En 1983, quand s'ouvre le film de Stéphane Demoustier, le président François Mitterrand confie à von Spreckelsen, qui n'a alors construit que sa maison et une poignée d'églises, les clés de ce projet colossal qui doit être livré pour le bicentenaire de la Révolution de 1789.
La surprise est totale, tout le monde écorche son nom, personne n'arrive à le joindre. "Appelez l'ambassade du Danemark, c'est un petit pays, ils sauront vous renseigner", lance Mitterrand, monarque bâtisseur campé par Michel Fau dans ce film projeté dans la section Un certain regard.

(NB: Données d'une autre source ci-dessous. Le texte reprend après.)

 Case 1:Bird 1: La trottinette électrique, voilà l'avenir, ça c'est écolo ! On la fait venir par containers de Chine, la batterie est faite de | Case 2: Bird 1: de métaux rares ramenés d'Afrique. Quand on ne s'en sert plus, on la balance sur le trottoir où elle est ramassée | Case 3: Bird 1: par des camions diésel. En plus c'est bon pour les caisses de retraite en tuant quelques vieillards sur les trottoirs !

Révélé dans "The Square", Palme d'or 2017, l'acteur danois Claes Bang prête sa longue silhouette à ce von Spreckelsen flegmatique et obstiné, rétif à toute concession malgré les pressions d'un conseiller présidentiel (Xavier Dolan) et les suggestions avisées de son exécutant (Swan Arlaud).
Après "The Brutalist" et "Megalopolis" de Francis Ford Coppola, sa fiction place au centre du récit un architecte qui "ne voit le monde qu'à travers son métier", explique à l'AFP Stéphane Demoustier ("Borgo", "La Fille au bracelet"...).

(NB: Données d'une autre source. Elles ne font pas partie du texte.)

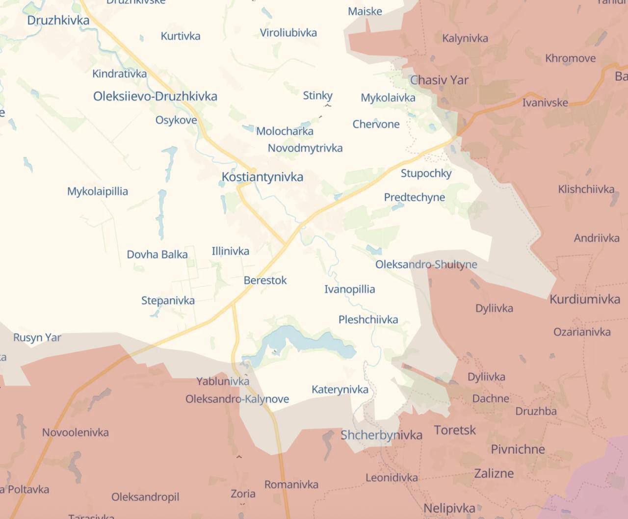 На данный момент в районе Константиновки вся она исчезла, перейдя преимущественно под контроль РФ или в серую зону. Из того, что смогли освободить ВСУ в ходе контрнаступления два года назад, "зеленым" остался лишь небольшой участок у Орехово-Васильевки (к северо-западу от Бахмута).

"Qu'il ait autant souffert dans un processus qui aurait dû être un accomplissement pour lui, ça me l'a rendu touchant", ajoute le cinéaste de 48 ans.
De la qualité du marbre au rendu des parois en verre, sa quête d'absolu sur la Grande Arche, qu'il est le seul à appeler "le cube", finira par avoir raison de sa santé. Mort en 1987, von Spreckelsen n'aura jamais vu son grand-oeuvre debout.

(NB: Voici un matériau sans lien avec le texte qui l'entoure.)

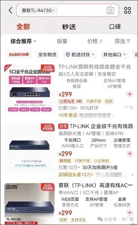 普联TL-R473G在某电商平台上售价为299元(央广网发 网络截图)

- "Composer avec le réel" -
"Ca m'a touché, cette incapacité à composer avec le réel parce que, nous aussi, quand on fait des films, on est constamment aux prises avec ces questions", développe le réalisateur français. "On a une idée et puis il y a les principes de réalité qui nous rattrapent, le manque d'argent, la disponibilité des lieux".
Stéphane Demoustier voulait aussi replonger dans cette époque des grands et dispendieux projets mitterrandiens, qu'il assimile aux "derniers feux du romantisme et d'une liberté française".
A l'époque du chantier de la Grande Arche, la Pyramide du Louvre sortait peu à peu de terre, engloutissant des milliards d'argent public au nom de la grandeur française.
"Aujourd'hui, on serait incapable de mener de front tous ces chantiers, surtout pour des projets patrimoniaux", estime le cinéaste, qui est parvenu, sans effets spéciaux spectaculaires, à reconstituer à l'écran ces mégachantiers qui défiguraient une partie de la capitale française.
Pour quel résultat? Posée en plein coeur du quartier d'affaires de la Défense, l'un des plus grands d'Europe, la Grande Arche ne remplit aucune fonction publique et une partie de l'édifice est entièrement inoccupée.
"Il y avait du panache derrière ce projet mais aussi une certaine gabegie", relate Stéphane Demoustier, qui entretient une relation très distante avec ce monument. "C'est curieux, l'Arche, on la connaît tous mais, en même temps, personne n'a de rapport sensible avec elle".
A l'exception de son défunt bâtisseur.